━━━ Dataset content

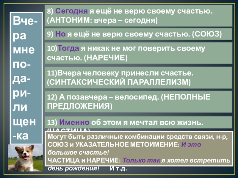 11)Вчера человеку принесли счастье. (СИНТАКСИЧЕСКИЙ ПАРАЛЛЕЛИЗМ)
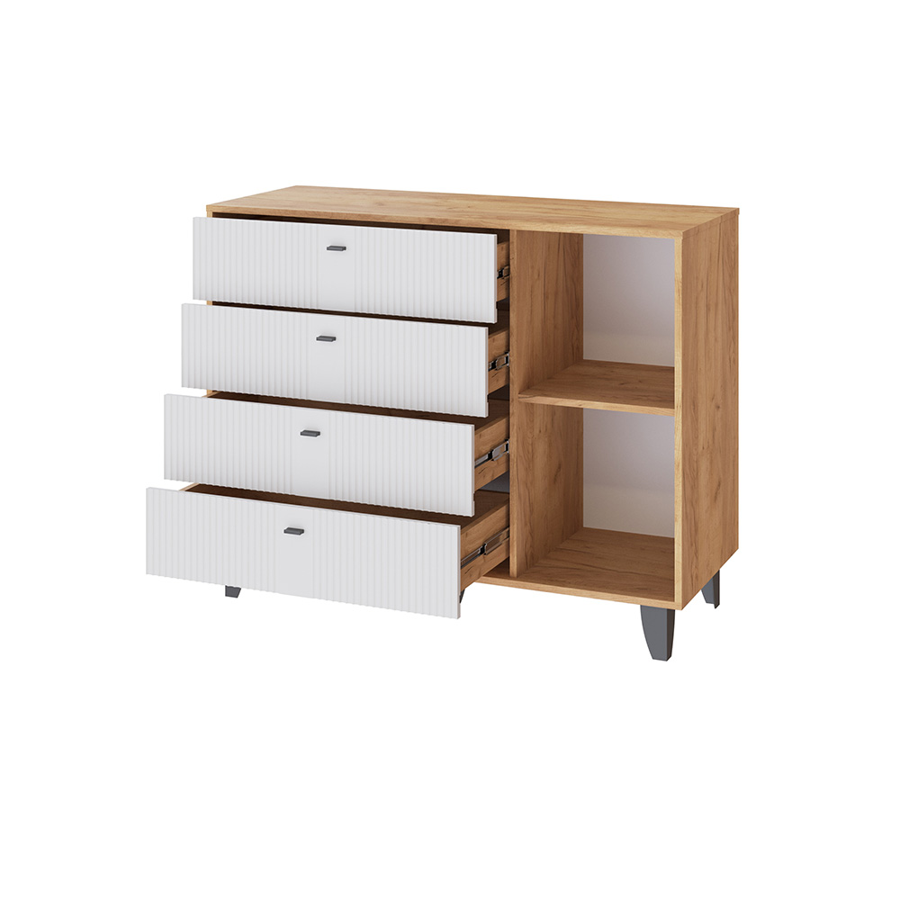 Комод Катрин-13 — это стильный и функциональный элемент интерьера, который станет отличным дополнением к вашей спальне или гостиной. Он выполнен в современном стиле и имеет комбинированную конструкцию, четыре выдвижных ящика и полки за распашными фасадами.
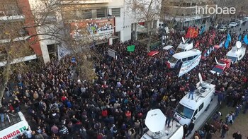 En un breve discurso, agregó: "La movilización es parte de nuestra decisión inclaudicable de que no sigan avanzando sobre nosotros, ya bastante hicieron en siete meses, así que (Mauricio) Macri, pará la mano".

━━━━━━

The whole listing above, minus its pictures, is what you should write out word for word.

Written reply:
 11)Вчера человеку принесли счастье. (СИНТАКСИЧЕСКИЙ ПАРАЛЛЕЛИЗМ)
 Комод Катрин-13 — это стильный и функциональный элемент интерьера, который станет отличным дополнением к вашей спальне или гостиной. Он выполнен в современном стиле и имеет комбинированную конструкцию, четыре выдвижных ящика и полки за распашными фасадами.
 En un breve discurso, agregó: "La movilización es parte de nuestra decisión inclaudicable de que no sigan avanzando sobre nosotros, ya bastante hicieron en siete meses, así que (Mauricio) Macri, pará la mano".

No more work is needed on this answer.